Owning a home is one key to the "American Dream", but with foreclosure rates at a 50-year high in the U.S. it has never been more important to be a careful home buyer. Below are four steps most first-time home buyers should take before buying a home:

Always Assess your Credit - All mortgage lenders use FICO credit scores to determine loan eligibility. The higher your FICO credit score, the better your home loan interest rates. With a score of 650 or above, you're considered a good risk and should have no problem securing a mortgage. If your score is 600 or below, you may want to consider improving it before applying for loans. Remember that mortgage lenders are reluctant to lend money to people spending more than 35% of their gross monthly income on debt.

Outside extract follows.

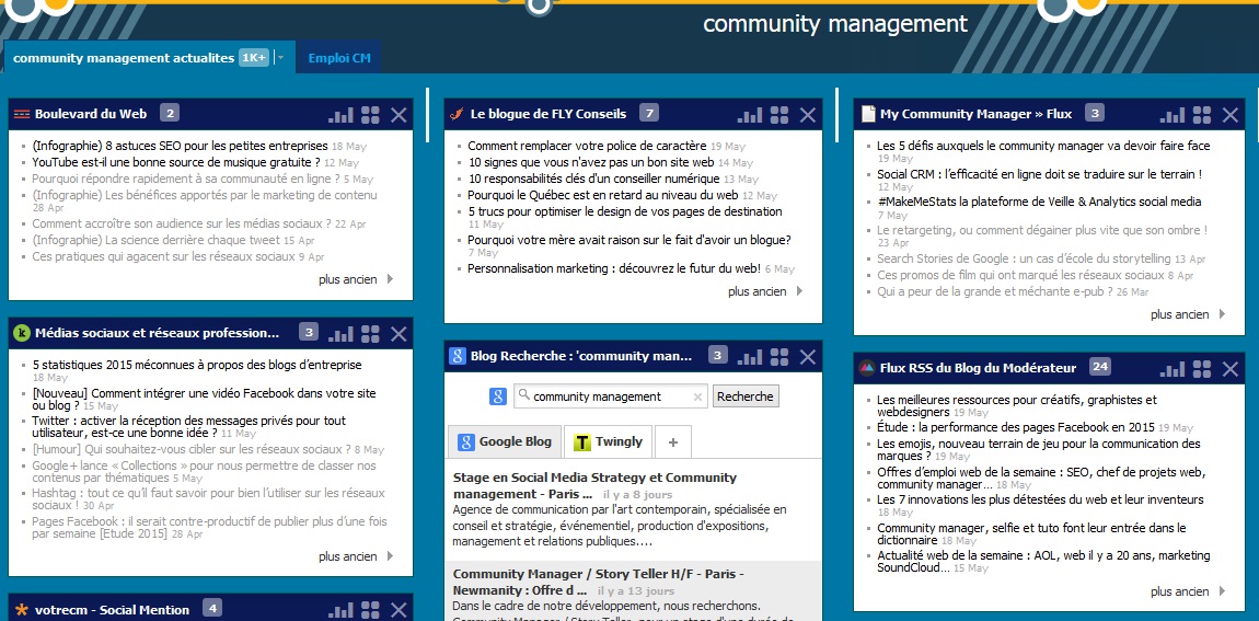 Prenez le temps de bien organiser votre tableau de bord et choisissez avec attention vos mots clés de recherche, car en réalité la valeur de Netvibes dépend entièrement du soin apporté à sa configuration. Si vous constatez au bout de quelques jours que les résultats ne sont pas satisfaisants, vous devez modifiez les critères de recherche.

How Much Are You Borrowing - Many first-time home buyers make the mistake of borrowing as much as their banks or credit unions are willing to offer. While most lenders are comfortable issuing loans worth up to 33 percent of your gross income, many financial planners believe 25 percent is a more prudent number.

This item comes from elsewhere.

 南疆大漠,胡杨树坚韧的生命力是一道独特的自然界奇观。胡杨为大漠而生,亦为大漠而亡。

Onging Costs - One of the upsides of renting is that when the pipes break or the heater breaks, you can simply call your landlord to have it repaired. As a homeowner, you'll be in charg of these responsibilities. So, before taking out a mortgage be sure to factor in expenses like home improvements, basic maintenance and property taxes.

You Must Save - Buying your first home isn't just a matter of bidding on a house and signing on the dotted line. Before you make an offer on a home, be sure to set aside enough money for a home inspection and appraisal. These fees vary from region to region, so ask your real estate agent how much you can expect to pay. And don't forget about closing costs! They generally run you from 3 percent to 6 percent of the cost of the house, according to the National Foundation for Credit and Counseling.